The judge ruled in favour of BC Hydro and the B.C. and federal governments, deciding that only CBC could edit and rebroadcast the livestream for news and public affairs because it was the only applicant.
Other media outlets like The Narwhal would have to raise money for lawyers, file applications and apply to the court individually to do the same.
“Media outlets all over Canada are in a financial crisis and for many of them the cost of filing an application with the court is prohibitive. As a non-profit news outlet, the cost is also prohibitive for us,” said The Narwhal’s editor-in-chief Emma Gilchrist. “If the court can see that the distribution of court proceedings is in the public interest, why make each news outlet go through an expensive and time-consuming process to re-affirm that?”

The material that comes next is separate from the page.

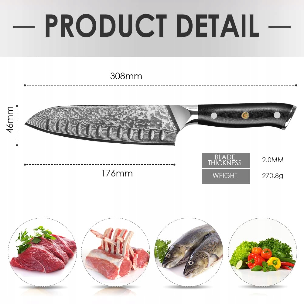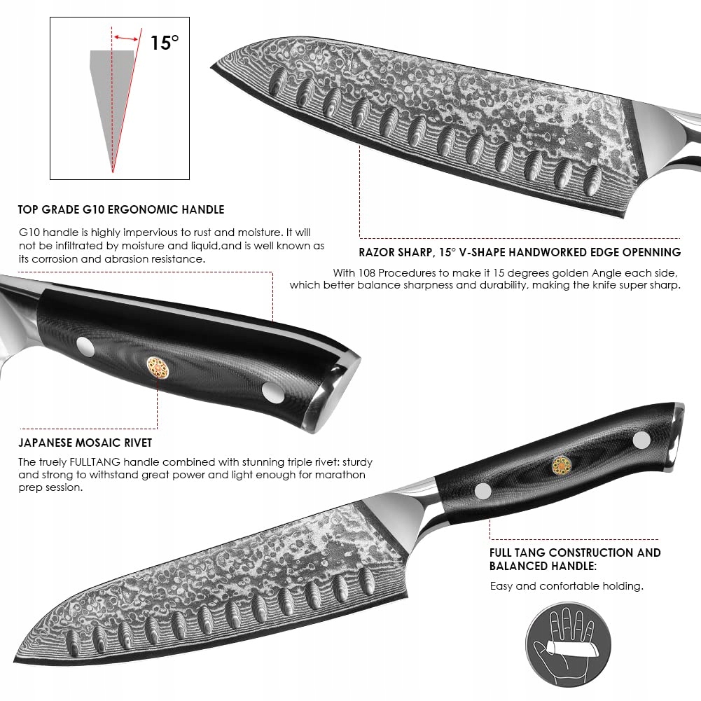 ▶Profesjonalny nóż Santoku z damasceńskiej stali◀ Nóż kuchenny Home Safety wykorzystuje wysokiej jakości 67-warstwową stal damasceńską i jest poddawany obróbce cieplnej w próżni oraz chłodzeniu ciekłym azotem. Ostrze ma kąt 15 stopni, co jest przydatne dla dobrej grubości krawędzi przy jednoczesnym zachowaniu doskonałej ostrości.

Milman also surprised lawyers for CBC and the plaintiffs by ruling that CBC would have to pay 50 per cent of the livestream costs. Court documents pegged the total cost as high as $30,000, meaning that CBC would have to pay as much as $15,000.

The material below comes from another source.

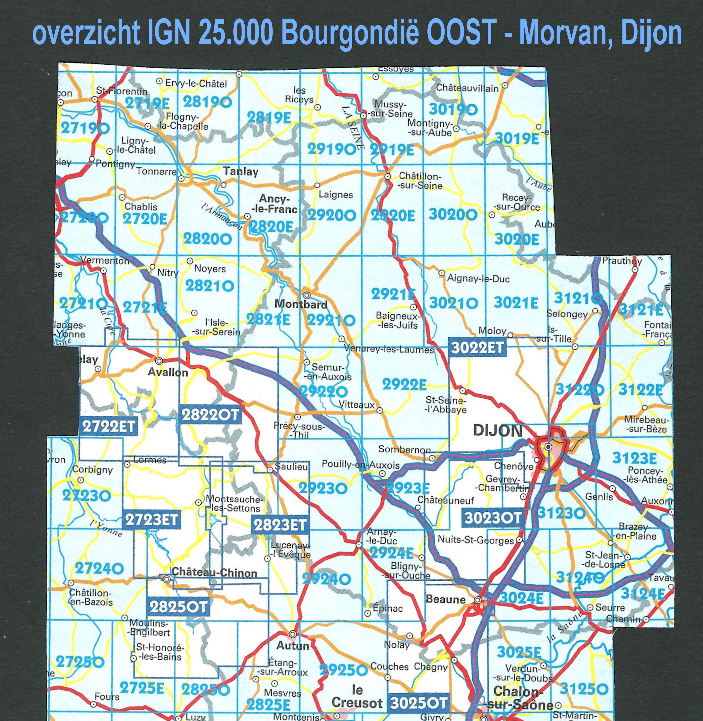 Topografische kaarten IGN 25.000 Bourgondië: OOSTELIJK GEDEELTE + MORVAN

At that point, CBC decided the show wasn’t worth the price of admission and backed off.
In an email to The Narwhal, CBC spokesperson Chuck Thompson explained that while CBC’s application was ultimately successful, “the terms of the order granting CBC access to the feed were not acceptable to us.”
“In the end, we decided that, on balance, what we would have gained from an editorial standpoint wasn’t worth the cost and the value wasn’t there for the taxpayer,” Thompson said.

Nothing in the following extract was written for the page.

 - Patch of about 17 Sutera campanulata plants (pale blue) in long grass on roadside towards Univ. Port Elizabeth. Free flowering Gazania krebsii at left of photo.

Tollefson described the final outcome on the matter of rebroadcasting the court proceedings as both a “significant advance” and a missed opportunity for providing ready access to court proceedings in the digital age.
Tollefson views the earlier decision by Milman to allow the courtroom proceedings to be webcast — a move supported by West Moberly First Nations, BC Hydro and the federal and B.C. governments, with the cost equally divided among the four parties — as a major step towards opening up the courtroom.
“This is the first time in British Columbia where a judge has ordered that a webcast be made available of a case involving the litigation of constitutionally protected Indigenous rights,” Tollefson pointed out, adding that it’s rare for any case in B.C. to be webcast.
“We argued that we needed to bring these cameras into the courtroom not just to fulfill the open court principle but for the purposes to promoting access to justice and promoting reconciliation. The judge accepted all those arguments.”
But he said he was disappointed by the decision to restrict editing and rebroadcasting to the CBC.
“What’s the difference between CBC posting something online, The Narwhal posting something online or an individual blogger citizen putting something online in relation to that hearing? Should each of them have to come to court before they’re allowed to do that? And what should the conditions of that access be?”
The decision highlights a tension between legal tradition and the need to embrace new technologies, said Tollefson, executive director of the Pacific Centre of Environmental Law and Litigation.
He described the case as “an opportunity for the courts to recognize that we are in an era where regular citizens are engaged in news gathering, production and dissemination on a variety of social media platforms.”
“That’s how many people now get their news and this was an opportunity for Canadians to gain an important understanding of a landmark case,” Tollefson said. “And it’s a missed opportunity.”